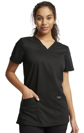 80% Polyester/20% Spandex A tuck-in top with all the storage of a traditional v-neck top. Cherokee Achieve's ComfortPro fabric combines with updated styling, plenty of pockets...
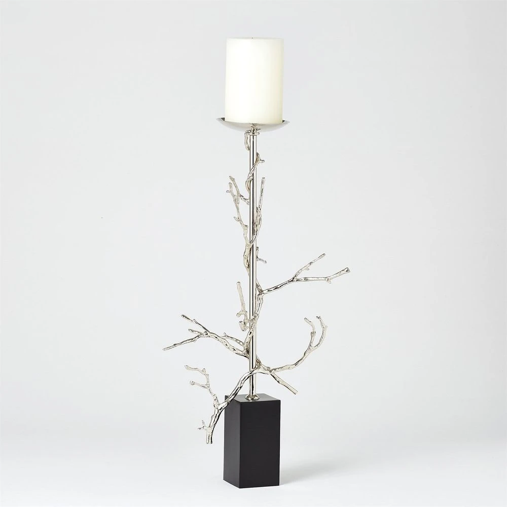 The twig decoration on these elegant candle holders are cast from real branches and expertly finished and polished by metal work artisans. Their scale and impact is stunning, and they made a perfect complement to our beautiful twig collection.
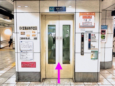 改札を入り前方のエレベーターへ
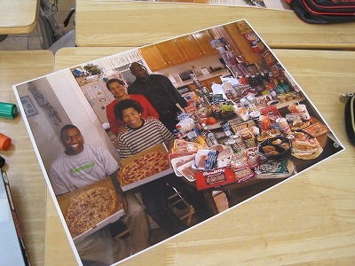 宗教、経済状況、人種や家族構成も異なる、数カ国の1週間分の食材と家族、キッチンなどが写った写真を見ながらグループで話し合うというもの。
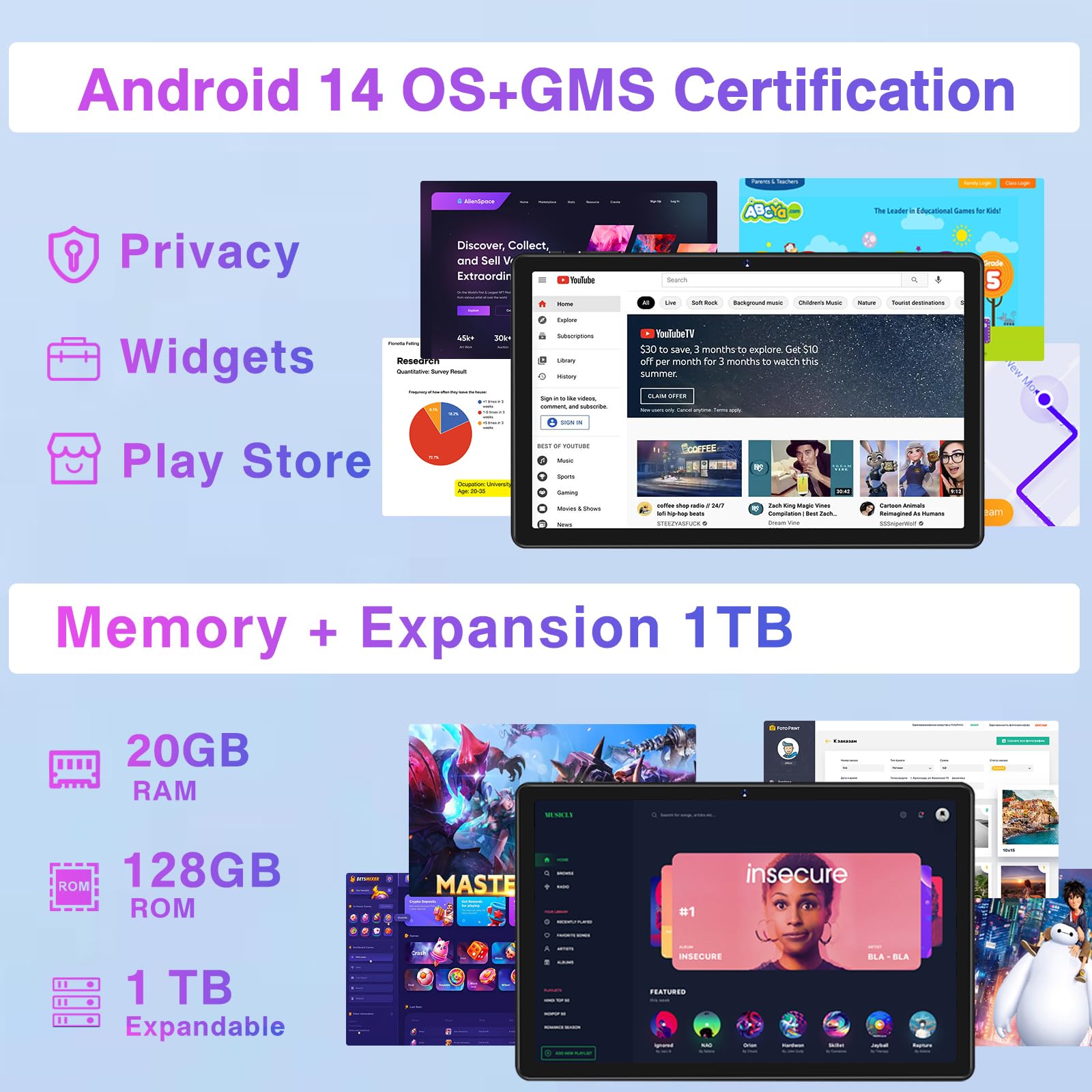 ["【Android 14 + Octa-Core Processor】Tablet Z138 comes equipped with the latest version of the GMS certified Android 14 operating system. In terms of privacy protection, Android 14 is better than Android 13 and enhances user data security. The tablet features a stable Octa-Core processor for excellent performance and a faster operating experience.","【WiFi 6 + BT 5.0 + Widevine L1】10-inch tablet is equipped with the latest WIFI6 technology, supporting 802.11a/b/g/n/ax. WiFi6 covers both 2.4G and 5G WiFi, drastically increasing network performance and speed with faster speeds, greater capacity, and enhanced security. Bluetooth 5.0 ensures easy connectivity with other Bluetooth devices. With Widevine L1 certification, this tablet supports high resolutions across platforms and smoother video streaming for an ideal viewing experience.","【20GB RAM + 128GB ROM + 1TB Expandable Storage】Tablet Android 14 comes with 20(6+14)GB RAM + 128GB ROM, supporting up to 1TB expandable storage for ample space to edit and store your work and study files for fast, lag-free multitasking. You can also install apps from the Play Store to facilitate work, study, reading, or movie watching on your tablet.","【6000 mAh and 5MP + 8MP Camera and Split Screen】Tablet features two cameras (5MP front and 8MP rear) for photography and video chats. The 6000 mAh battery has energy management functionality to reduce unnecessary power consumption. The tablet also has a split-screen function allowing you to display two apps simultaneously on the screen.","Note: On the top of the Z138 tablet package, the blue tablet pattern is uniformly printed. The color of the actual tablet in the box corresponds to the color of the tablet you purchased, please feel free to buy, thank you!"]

────

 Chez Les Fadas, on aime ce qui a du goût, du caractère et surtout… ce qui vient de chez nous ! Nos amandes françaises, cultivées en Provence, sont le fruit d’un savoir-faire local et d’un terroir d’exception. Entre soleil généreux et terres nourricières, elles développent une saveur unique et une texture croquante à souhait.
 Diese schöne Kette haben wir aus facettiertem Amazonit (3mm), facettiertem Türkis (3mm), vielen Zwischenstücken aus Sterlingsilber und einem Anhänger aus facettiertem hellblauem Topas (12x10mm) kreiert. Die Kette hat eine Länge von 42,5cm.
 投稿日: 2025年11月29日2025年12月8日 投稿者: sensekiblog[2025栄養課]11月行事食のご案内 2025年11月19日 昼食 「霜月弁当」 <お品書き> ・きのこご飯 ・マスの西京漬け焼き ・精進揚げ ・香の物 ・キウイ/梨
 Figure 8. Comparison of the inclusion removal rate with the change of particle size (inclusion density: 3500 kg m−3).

────

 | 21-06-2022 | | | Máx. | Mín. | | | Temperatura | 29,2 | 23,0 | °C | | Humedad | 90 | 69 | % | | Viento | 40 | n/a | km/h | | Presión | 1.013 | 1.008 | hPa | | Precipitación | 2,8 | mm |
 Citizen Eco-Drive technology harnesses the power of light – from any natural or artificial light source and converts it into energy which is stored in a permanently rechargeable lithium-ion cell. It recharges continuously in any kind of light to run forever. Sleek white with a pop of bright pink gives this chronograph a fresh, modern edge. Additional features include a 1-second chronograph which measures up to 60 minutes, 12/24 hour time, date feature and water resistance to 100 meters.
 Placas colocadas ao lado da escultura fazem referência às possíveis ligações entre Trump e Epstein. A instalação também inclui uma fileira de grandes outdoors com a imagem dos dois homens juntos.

────

Task directions:
Copy word for word the lines above, starting at the line containing "80% Polyester/20% Spandex" and ending at the line containing "宗教、経済状況、人種や家族構", inclusive, with no pictures.

Answer area:
 80% Polyester/20% Spandex A tuck-in top with all the storage of a traditional v-neck top. Cherokee Achieve's ComfortPro fabric combines with updated styling, plenty of pockets...
 The twig decoration on these elegant candle holders are cast from real branches and expertly finished and polished by metal work artisans. Their scale and impact is stunning, and they made a perfect complement to our beautiful twig collection.
 改札を入り前方のエレベーターへ
 宗教、経済状況、人種や家族構成も異なる、数カ国の1週間分の食材と家族、キッチンなどが写った写真を見ながらグループで話し合うというもの。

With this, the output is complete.